Module 2: Collecting and Refining the Dataset
Work with open datasets, assess data quality, use visualizations, and prepare data for modeling.
Module 3: Setting Up and Training a Model
Design experiments, choose algorithms, train and tune ML models using iterative refinement.
Module 4: Finalizing a Model
Translate results into business action and integrate models into long-term solutions and pipelines.
Module 5–6: Regression and Classification Models
Build and evaluate linear, logistic, k-NN, and multi-class models using both algebraic and iterative approaches.
Module 7: Clustering Models
Implement k-means and hierarchical clustering, perform analysis and interpret groupings.
Module 8: Decision Trees and Random Forests
Create interpretable tree-based models and ensemble methods for robust predictions.
Module 9: Support-Vector Machines (SVMs)
Apply SVMs for classification and regression, explore kernel tricks, margin trade-offs, and tuning.
Module 10: Artificial Neural Networks (ANN & CNN)
Build MLPs, CNNs, and understand architecture, training, backpropagation, and GANs.
Module 11: Data Privacy and Ethical Practices
Ensure model transparency, mitigate bias, comply with regulations, and establish AI policy frameworks.
Professional Outcomes
This course prepares you for roles such as AI/ML Developer, Data Scientist, or Applied Machine Learning Engineer — professionals ready to build, deploy, and ethically manage AI systems.
Certification Details
Overview
As a candidate for this certification, you:
Specify solutions using applied AI and machine learning to solve business problems
Collect, refine, and analyze datasets using statistical and visualization techniques
Train, evaluate, and tune a wide range of models including regression, classifiers, clusters, and neural networks
Finalize and communicate results to stakeholders, and operationalize models in production
Promote ethical standards and protect privacy in AI projects
You should be proficient in:
Python and machine learning libraries
Exploratory data analysis and model tuning
Cross-disciplinary communication with business and technical stakeholders
Managing ethical, privacy, and performance trade-offs in AI development
Skills Measured
Solve Business Problems Using AI and ML
Collect and Refine the Dataset
Set Up and Train a Model
Finalize a Model for Production
Build and Evaluate:
- Linear & Regularized Regression
- Classification Models (Binary, Multi-Class)
- Clustering Models (k-Means, Hierarchical)
- Decision Trees & Random Forests
- SVMs
- Neural Networks (MLP, CNN)Promote Data Privacy and Ethical Practices in AI
Certification Logistics
Exam Code: AIP‑110
Format: 80 multiple-choice questions
Duration: 120 minutes (including 5 minutes for Candidate Agreement and 5 minutes for Pearson VUE tutorial)
Passing Score: 60% or 59% depending on exam form
Delivery: Pearson VUE proctored (online or in test center)
Credential: Certified Artificial Intelligence (AI) Practitioner by CertNexus
Frequently Asked Questions
Is this course hands-on?
Yes.

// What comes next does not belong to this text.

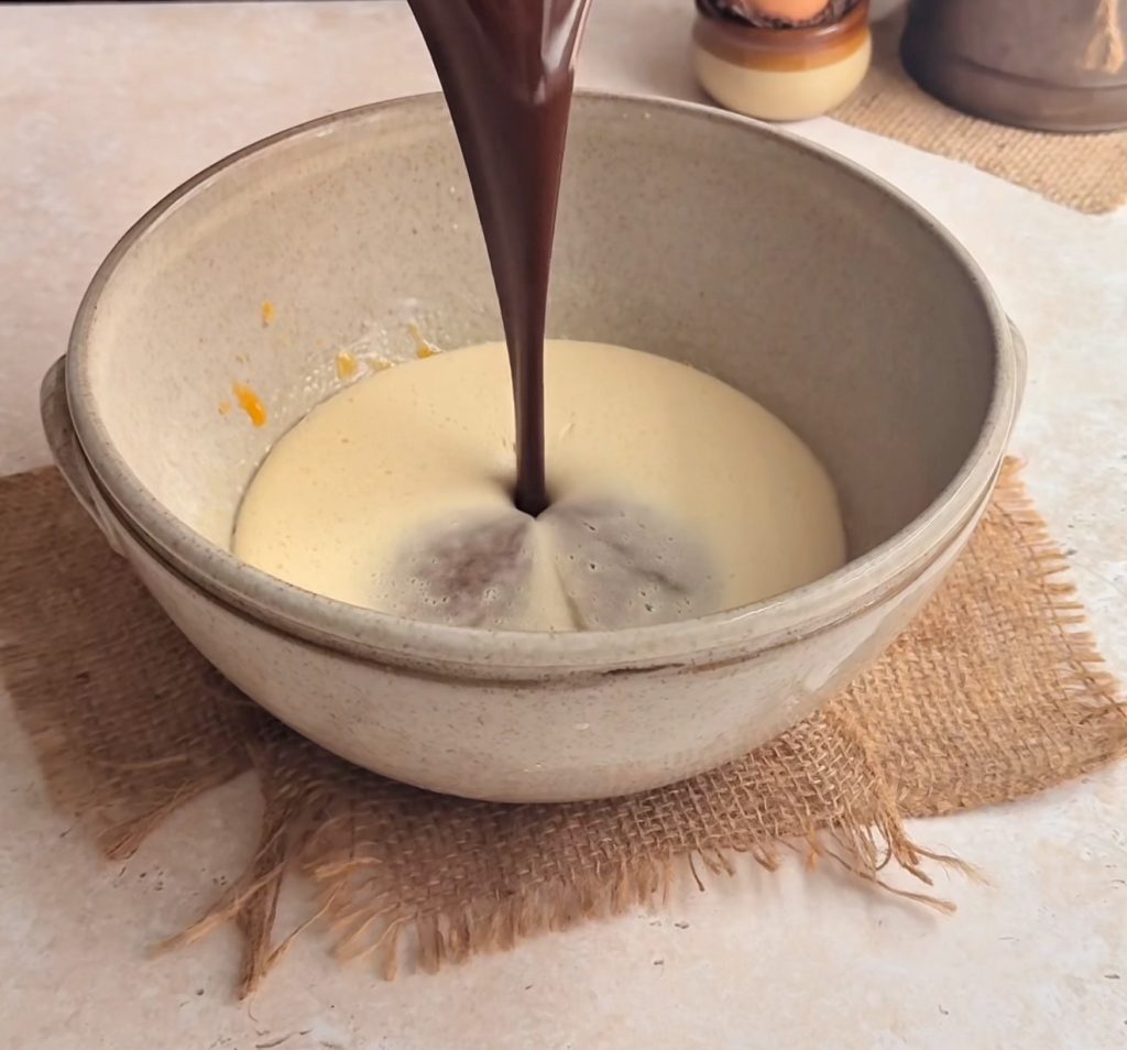 Pour the warm chocolate mixture into the whipped eggs and gently fold until fully combined. Folding gently ensures the batter stays thick and dense without losing air.

It includes practical labs, coding activities, and real datasets.
Will I build my own models?
Yes. You’ll build models using Python and open-source tools like scikit-learn and Keras.
Is this course beginner-friendly?
No. It is designed for intermediate-level learners with coding and basic AI experience.

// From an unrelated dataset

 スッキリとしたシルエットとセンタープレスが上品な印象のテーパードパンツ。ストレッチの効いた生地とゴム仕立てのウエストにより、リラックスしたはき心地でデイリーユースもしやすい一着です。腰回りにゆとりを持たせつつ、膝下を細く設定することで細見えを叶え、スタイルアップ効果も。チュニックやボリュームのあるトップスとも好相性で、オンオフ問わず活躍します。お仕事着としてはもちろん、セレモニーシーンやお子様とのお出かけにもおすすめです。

Are neural networks and deep learning covered?
Yes. Modules include MLPs, CNNs, and introductory GAN concepts.
Do I need prior experience with AI/ML tools?

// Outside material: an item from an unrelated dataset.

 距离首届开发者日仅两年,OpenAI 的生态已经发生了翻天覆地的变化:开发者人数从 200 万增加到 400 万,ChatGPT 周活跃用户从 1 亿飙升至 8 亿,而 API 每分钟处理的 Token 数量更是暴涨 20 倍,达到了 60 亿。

Some experience is recommended. Prior completion of AIBIZ or equivalent is suggested.
Is this an official certification course?
Yes. It’s the official CertNexus training for the AIP‑110 exam.
Is this HRDC claimable?
Yes. It is fully claimable under HRD Corp for eligible Malaysian employers.
Can we run this for a corporate group?
Yes. GemRain offers in-house or virtual delivery for teams.
Will I get a certificate after the course?
Yes. You’ll receive a GemRain certificate of completion and be exam-ready.